The structure work fine, I have acces to ESXI, my master VM, and my P2V VMs on the same machine (and the same screen).
I’m using a PCIe-Q370-r11 Motherboard with a PXE-13S-r50 backplane (8 Pci slots divided in two bridges, 4 Pcie slot.
Actually i’m using 4 pci and 2 pcie slots:
- Gpu Quadro P2000 and USB controller with passthrough to the master VM

- 4 National Instrument pci cards with passthrough to the P2V Vm.

Problem: Passthrough works fine on all VMs, I can start all of them. But on the P2V Vms, PCI cards don’t work. Windows know they’re here, drivers seems to be installed correctly, National Instrument software also detect them correctly.

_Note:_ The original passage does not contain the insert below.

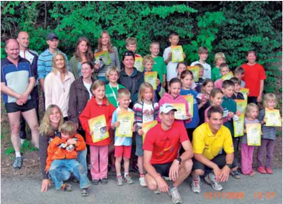
Ein Erfolg war der 2. Kinder- und Jugendtriathlon des TSV.

Bei gutem Wetter fand der zweite Kinder- und Jugendtriathlon des TSV Buchen im Waldschwimmbad statt. Nach einer Wettkampfbesprechung und der Ausgabe der Wettkampfstartnummern, der Aufkleber und der Kennzeichnung am Oberarm ging es für die 55 jungen Teilnehmer in den frühen Morgenstunden an den Start.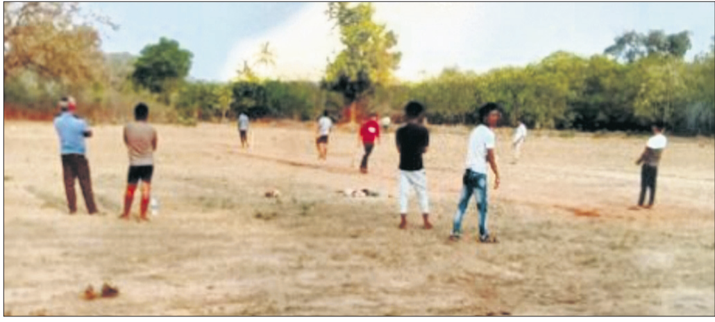
ସିନିକିସାହି ଖେଳ ପଡ଼ିଆ ନିର୍ମାଣର ଅପ୍ଲୋଡ଼ ହୋଇଥିବା ପଟେ।

ନୟାଗଡ଼ ଜିଲ୍ଲା ନୂଆଗାଁ ବ୍ଲକରେ ମହାତ୍ମା ଗାନ୍ଧୀ ଜାତୀୟ ଗ୍ରାମୀଣ ନିରୀକ୍ଷିତ କର୍ମ ନିଯୁକ୍ତି ଯୋଜନା (ଏମ୍.ଜି.ଏନ୍.ଆର୍.ଇ.ଜି.ଏସ୍.) କାର୍ଯ୍ୟରେ ସମ୍ପୂର୍ଣ୍ଣା ରହୁ ନ ଥିବା ଅଭିଯୋଗ ହେଉଛି। ମେଣ୍ଡିନରେ କାମ କରିବା, ପୁରୁଣା କାମକୁ ଦେଖାଇ ଅନୁଦାନ ଲୁଚିବା, ସୂଚନା ଫଳକ ନିର୍ମାଣ ନ କରିବା, ଯୋଜନାର ସମସ୍ତ ନିୟମ କାନୁନକୁ ଉଲ୍ଲଙ୍ଘନ କରି ଅନୁଦାନ ଲୁଚିବା ଭଳି ଅନେକ ଅନିୟମିତତା ହେଉଥିବା ଅଭିଯୋଗ ହେଉଛି।

When I go using lspci on my ESXI, those cards are marqued as  ´´Class FF00’´ (Unassigned class). They are all on the same PCI bridge. The cards names are correct, their ID seems OK too. But the cards Serial Number won’t show up in my VM.


I don’t get it why it’s behaving like this.
The PCI cards are not unknown to ESXI, but for some reason, they are not correctly used by VMs.

Maybe a problem with pci bridge's drivers? Or pci.ids incorrect?

If anybody had this issue before, i’ll be happy to hear it!

Thanks for reading the entire post with my terrible English level 

23 Replies
Highlighted
Virtuoso
Virtuoso

Are all 4 PCI cards assigned to the same VM? Or are they assigned to different VMs (i.e. 1 card each in 1 VM)?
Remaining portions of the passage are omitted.